We inherit the territorial imperative from ancestral killer apes, meat-eating primates who became the planet’s top predators—us. This imperative persisted after the ape developed languages, established religions, built cities and nations, and passed laws. It motivated tribal chiefs, kings, emperors, Josef Stalin, Adolf Hitler, and Saddam Hussein, and is also responsible for the spread of all omnivores, from rats, to wild pigs, to the Koch brothers, and shows no signs of abating even though deranged entities hope to set off a WMD [weapon of mass destruction] ending the dominion of humankind on Earth. Some would even welcome it, expecting to be whisked off to nirvana while everyone else is left behind to perish in a fiery hell.
One voice offers a different scenario, Joshua S. Goldstein, who believes that humano sapiens is less self-destructive than it used to be. In his book, Winning the War On War, he points out that since WW-II ended in 1945, sixty-seven years and counting, despite cruel murderous local wars, there has not been another global conflagration.

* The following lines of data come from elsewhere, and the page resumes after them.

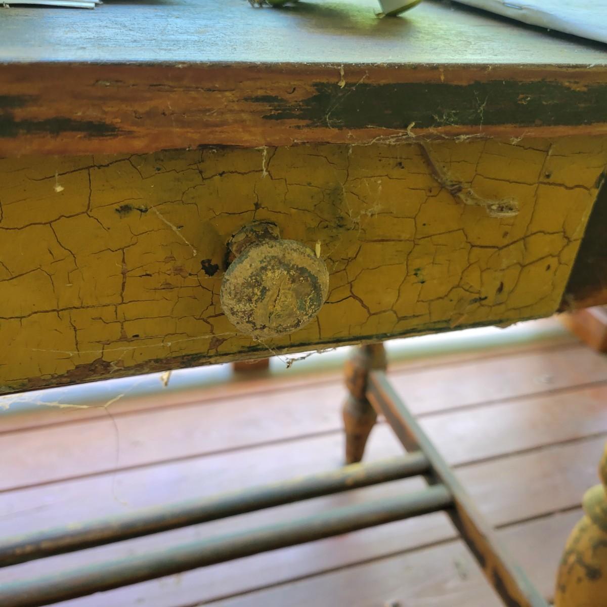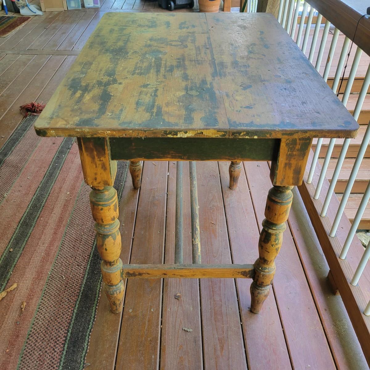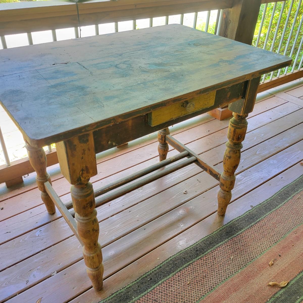 A rustic style table with a dovetailed drawer. Its finish is peeling off in some areas, but could be refinished or used as a gardening table. It measures approximately 39" x 27" x 32"H. Local pickup only
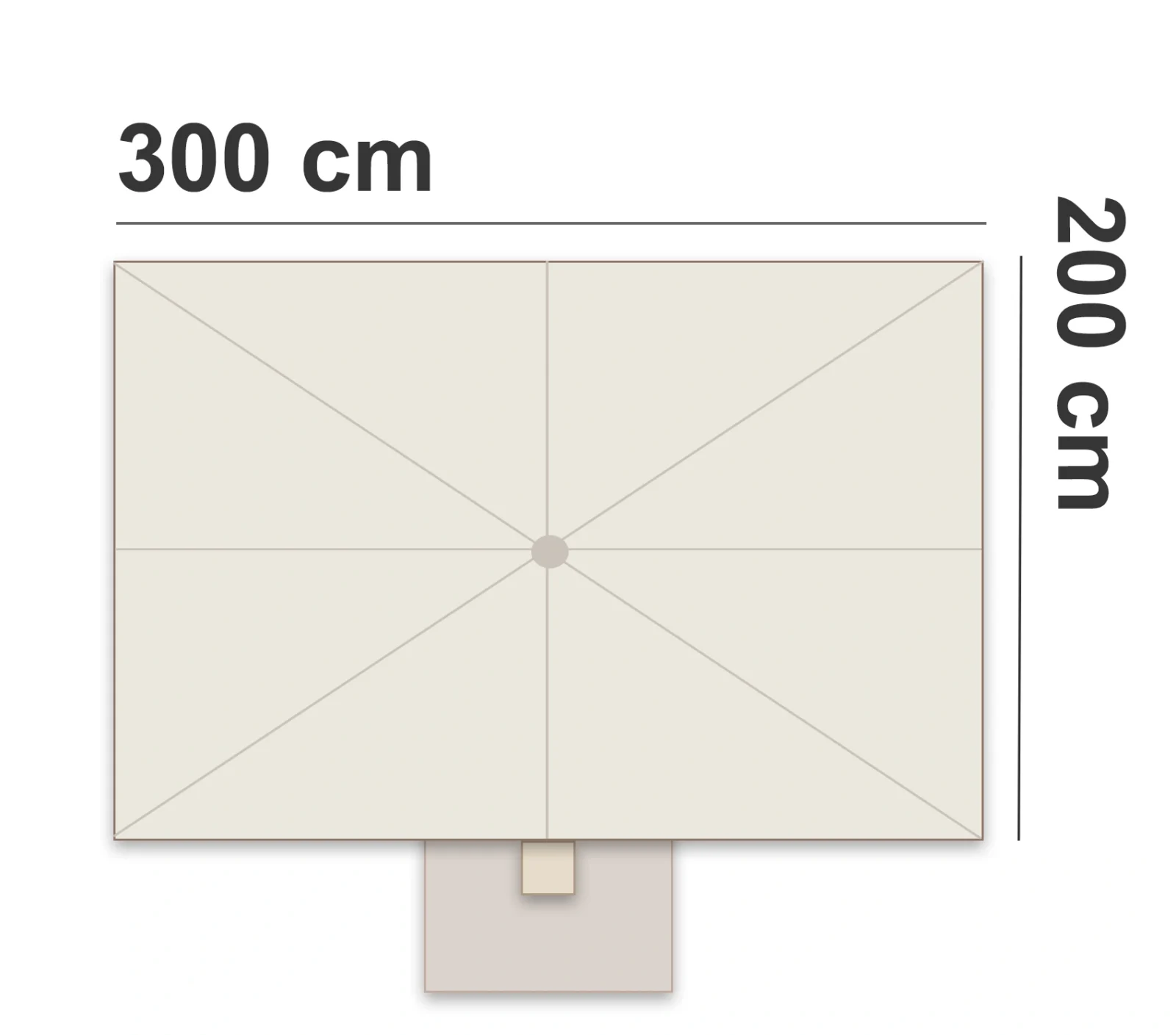 Detta parasoll har en rektangulär parasollduk. Kapellet är 300 cm brett och 200 cm djupt.
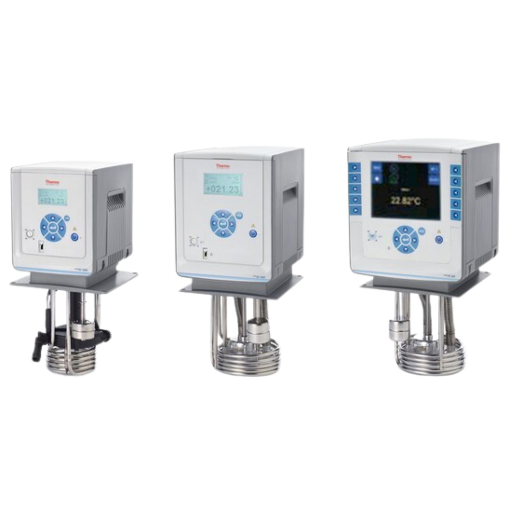 Thermo Scientific immersion circulators provide precise temperature control for laboratory applications. The SC, AC, and PC Series support internal and external circulation. Maximum temperatures reach up to 300 °C depending on the model. Suitable for analytical, research, and process applications.
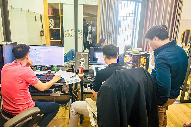 Lực lượng chức năng tiến hành làm việc và kiểm tra dữ liệu điện tử.
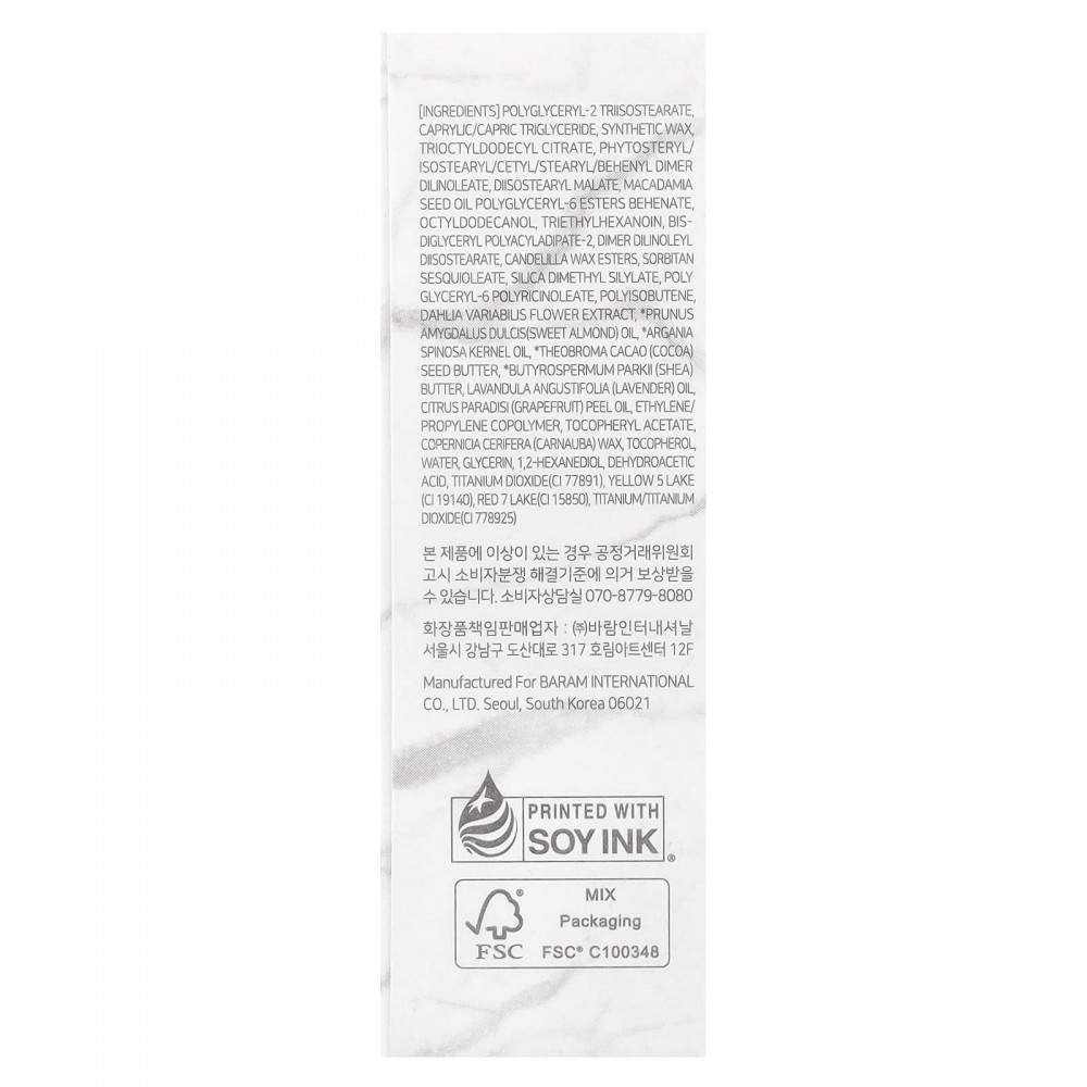 Полиглицерил-2 триизостеарат, каприловый/каприновый триглицерид, синтетический воск, триоктилдодецилцитрат, фитостерил / изостеарил / цетил / стеарил / бегенил димер дилинолеат, диизостеарил малат, масло семян макадамии, полиглицерил-6 эфиры бегенат, октилдодеканол, триэтилгексаноин, бис-диглицерил полиациладипат-2, димер дилинолеил диизостеарат, эфиры канделильского воска, сорбитана сесквиолеат, диметил силилат диоксида кремния, поли глицерил-6 полирицинолеат, полиизобутен, экстракт цветков георгина (Dahlia variabilis), масло сладкого миндаля (Prunus amygdalus dulcis), масло из косточек аргании (Argania spinosa), масло из семян какао (Theobroma), масло ши (Butyrospermum parkii), лавандовое масло (Lavandula angustifolia), масло из цедры грейпфрута (Citrus paradisi), сополимер этилена и пропилена, токоферилацетат, карнаубский воск (Copernicia cerifera), токоферол, вода, глицерин, 1,2-гександиол, дегидроуксусная кислота, диоксид титана (CI 77891), краситель желтый 5 лак (CI 19140), красное озеро 7 (CI 15850), титан / диоксид титана (CI 778925).

It’s a welcome glass-half-full view of history, but one dare not ignore the Yoo/Bolton street gang turf war instinct lodged in the amygdala, deep in the human brain. Now the brain seems to be at war with itself. Pitted against this savage inheritance is sweet reason, which flows from the cortex, at the top. For aeons, reason was simply a tool of the territorial savage. Joshua Goldstein believes that reason is now trying to prevail. One must pray that he is right, and that it can win the battle. At stake is the survival of humankind and life on Earth as we know it.